Опять настала в классе тишина, но этого здесь не любили — здесь не переносили тишину, молчание, тоску и мрак, — ведь всем-то было по шестнадцать, — и кто-то произнес сочувственно:
— А это верно, Музыкант. Как-как? «Все — ложь»?
— Нет-нет! Не так! Все по-другому! — посыпалось со всех сторон, и было снова отчетливо сказано: «дома ложь, в школе ложь, всюду ложь». В них это входило. Вернее, в них это было и раньше, теперь же входили в них эти слова и соединялись внутри их сознания с тем ощущением жизни, какое в них взрастало год от году вместе с «жизненным опытом», — и он-то, этот опыт, был теперь так ловко обозначен этим умницей и психом Славкой: ложь, ложь, ложь, сказал он им и сказал себе, — как тут было не согласиться!
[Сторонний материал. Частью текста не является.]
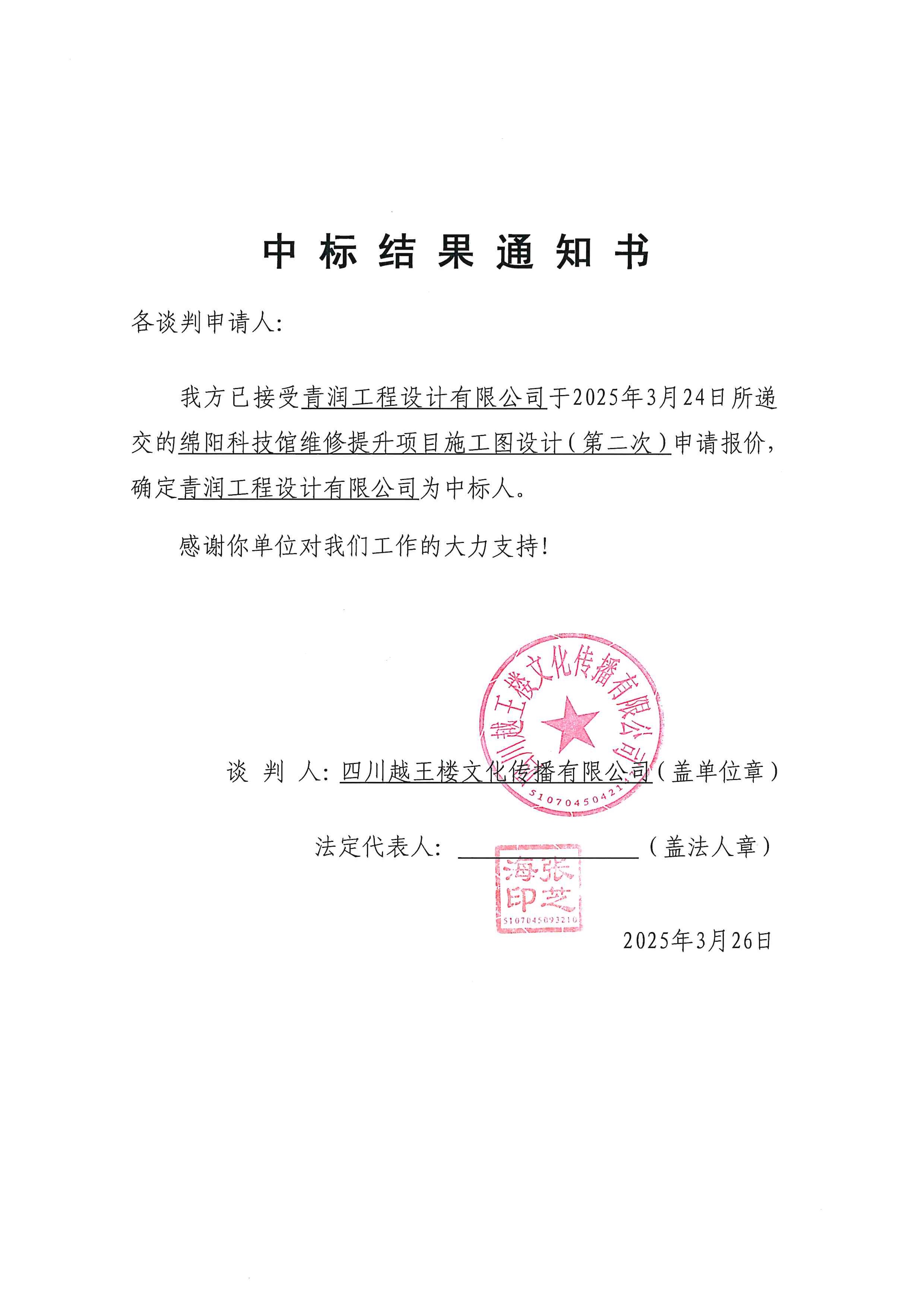 绵阳科技馆维修提升项目施工图设计(第二次)竞争性谈判结果公告
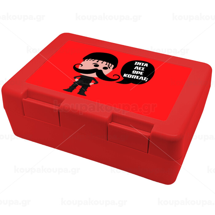 Κρητικός "Ίντα λες ωρέ κοπέλι", Παιδικό δοχείο κολατσιού ΚΟΚΚΙΝΟ 185x128x65mm (BPA free πλαστικό)
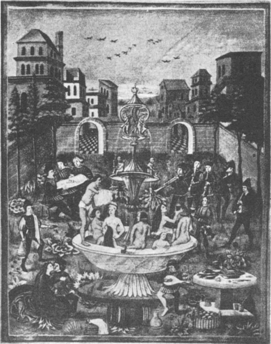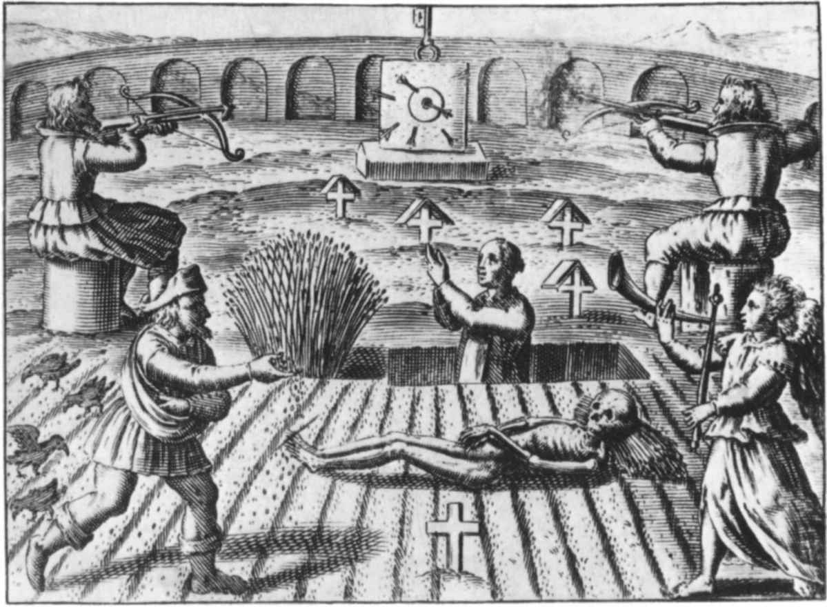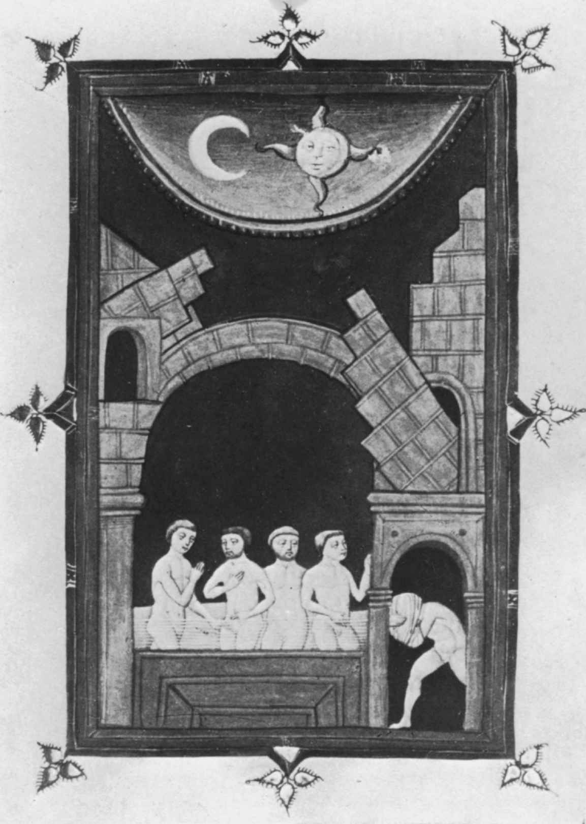 只有神祇才能安然無恙地走在彩虹橋上;只有終有一死的人才會掉下去並接受死亡,因為彩虹只是跨越天空的一種可愛的假象,不是血肉之身的人類走的公路。這些人必須“從橋下”走過(圖16)。但是水也從橋下流過,沿著它自己的傾斜度往最低處流。這個暗示將在後面予以證實。

— Великолепно сформулировано! — заметил некий эстет. — Просится в конституцию.
Весело засмеялись.
— Учиться, учиться и еще раз учиться… — сдавленным тенорком и «р» картавым процитирован был Ленин, затем последовало с непроизносимым «л»: — …ыжи!
Теперь уже единодушно захохотали, а кто-то деланно заржал. В их веселье была заметна истеричность. Рискованные разговоры и остроты в классе всегда сопровождались искусственным возбуждением, помогавшим умерить в себе и скрыть от других неизбежное чувство боязни. Подбадривая себя и друг друга, они, случалось, заходили слишком далеко в своих речах и шуточках, и классом овладевало некое коллективное опьянение собственной смелостью. Тогда они уже не знали удержу. Учителя — в большинстве своем неглупые, интеллигентные и, что называется, «по-своему порядочные люди», среди которых были и прежние «подписанты», — старались своих великовозрастных детей угомонить, взывая к их здравому смыслу. Обычно таковой, им все же свойственный, брал верх — дети были детьми эпохи, и в классе наступало успокоение. Но сейчас учителя в классе не было, чрезвычайность случившегося со Славкой, сцена, разыгравшаяся между ним и Леркой, и эти прямые слова о лжи, такие понятные каждому, — все это привело их к черте, за которой им нужно уже было
— Предлагаю! — прорезался в шуме и гомоне голос. — У нас сейчас история, так? Пишем работу! По современной истории, ха! Свободная тема. Как мы к этому относимся: дома, в школе, всюду ложь, — как мы, каждый из нас, понимаем. Не галдеть весь урок, а писать сочинение. Пусть попробуют сказать тогда, что сорвали. Сталинист сорвал, не мы!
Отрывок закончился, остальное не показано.